• Exercise materials:
== Segment start ==
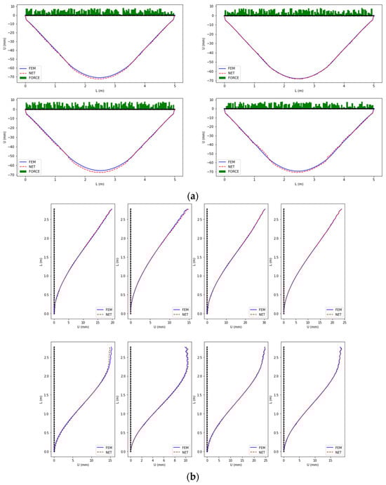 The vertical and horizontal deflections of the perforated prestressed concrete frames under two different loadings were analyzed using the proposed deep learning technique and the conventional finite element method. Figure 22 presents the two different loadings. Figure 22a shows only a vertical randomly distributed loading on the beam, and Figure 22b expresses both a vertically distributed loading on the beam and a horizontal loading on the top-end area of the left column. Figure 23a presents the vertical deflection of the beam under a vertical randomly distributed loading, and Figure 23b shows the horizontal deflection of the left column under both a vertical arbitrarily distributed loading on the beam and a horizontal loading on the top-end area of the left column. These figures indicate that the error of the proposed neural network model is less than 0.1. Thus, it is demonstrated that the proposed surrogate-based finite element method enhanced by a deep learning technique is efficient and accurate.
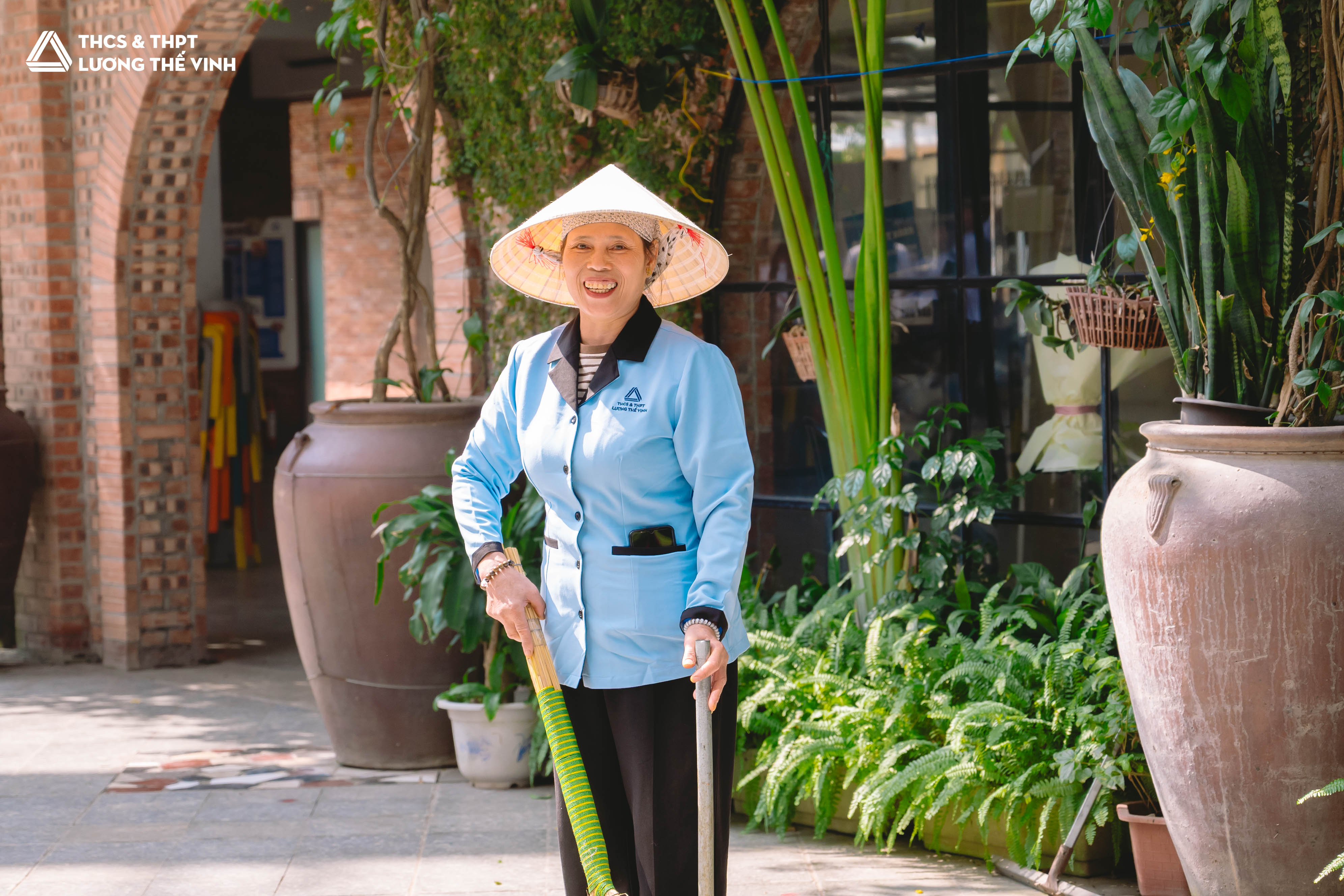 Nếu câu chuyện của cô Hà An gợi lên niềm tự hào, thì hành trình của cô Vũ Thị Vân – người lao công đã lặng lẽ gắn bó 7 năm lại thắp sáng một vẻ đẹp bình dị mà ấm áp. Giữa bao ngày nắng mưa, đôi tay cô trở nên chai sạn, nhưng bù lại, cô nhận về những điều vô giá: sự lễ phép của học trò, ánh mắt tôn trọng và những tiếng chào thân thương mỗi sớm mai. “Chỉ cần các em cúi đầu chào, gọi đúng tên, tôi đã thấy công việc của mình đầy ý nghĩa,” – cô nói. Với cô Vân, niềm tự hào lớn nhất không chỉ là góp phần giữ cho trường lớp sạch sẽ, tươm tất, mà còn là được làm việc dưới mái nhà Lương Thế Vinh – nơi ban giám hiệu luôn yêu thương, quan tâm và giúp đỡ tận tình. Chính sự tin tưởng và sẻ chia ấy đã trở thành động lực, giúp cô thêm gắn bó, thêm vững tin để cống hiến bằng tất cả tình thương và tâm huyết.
== Segment end ==
== Segment start ==
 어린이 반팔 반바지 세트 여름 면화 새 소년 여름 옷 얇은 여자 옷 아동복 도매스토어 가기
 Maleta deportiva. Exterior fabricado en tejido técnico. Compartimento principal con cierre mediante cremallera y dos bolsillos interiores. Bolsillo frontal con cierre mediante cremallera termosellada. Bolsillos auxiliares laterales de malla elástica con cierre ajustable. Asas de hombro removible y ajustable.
== Segment end ==
== Segment start ==
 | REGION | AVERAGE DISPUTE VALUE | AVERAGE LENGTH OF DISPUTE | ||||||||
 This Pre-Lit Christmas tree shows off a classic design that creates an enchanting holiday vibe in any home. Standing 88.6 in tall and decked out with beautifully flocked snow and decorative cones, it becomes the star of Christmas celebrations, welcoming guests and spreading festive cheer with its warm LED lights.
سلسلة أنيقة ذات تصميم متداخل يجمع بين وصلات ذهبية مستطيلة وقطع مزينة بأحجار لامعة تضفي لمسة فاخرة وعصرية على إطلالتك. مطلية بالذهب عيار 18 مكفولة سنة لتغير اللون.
== Segment end ==
• Task instructions: Would you copy out exactly the lines above that start at the one containing "어린이 반팔 반바지 세트" and end at the one containing "Maleta deportiva. Exterior", inclusive?

• Answer section:
 어린이 반팔 반바지 세트 여름 면화 새 소년 여름 옷 얇은 여자 옷 아동복 도매스토어 가기
 Maleta deportiva. Exterior fabricado en tejido técnico. Compartimento principal con cierre mediante cremallera y dos bolsillos interiores. Bolsillo frontal con cierre mediante cremallera termosellada. Bolsillos auxiliares laterales de malla elástica con cierre ajustable. Asas de hombro removible y ajustable.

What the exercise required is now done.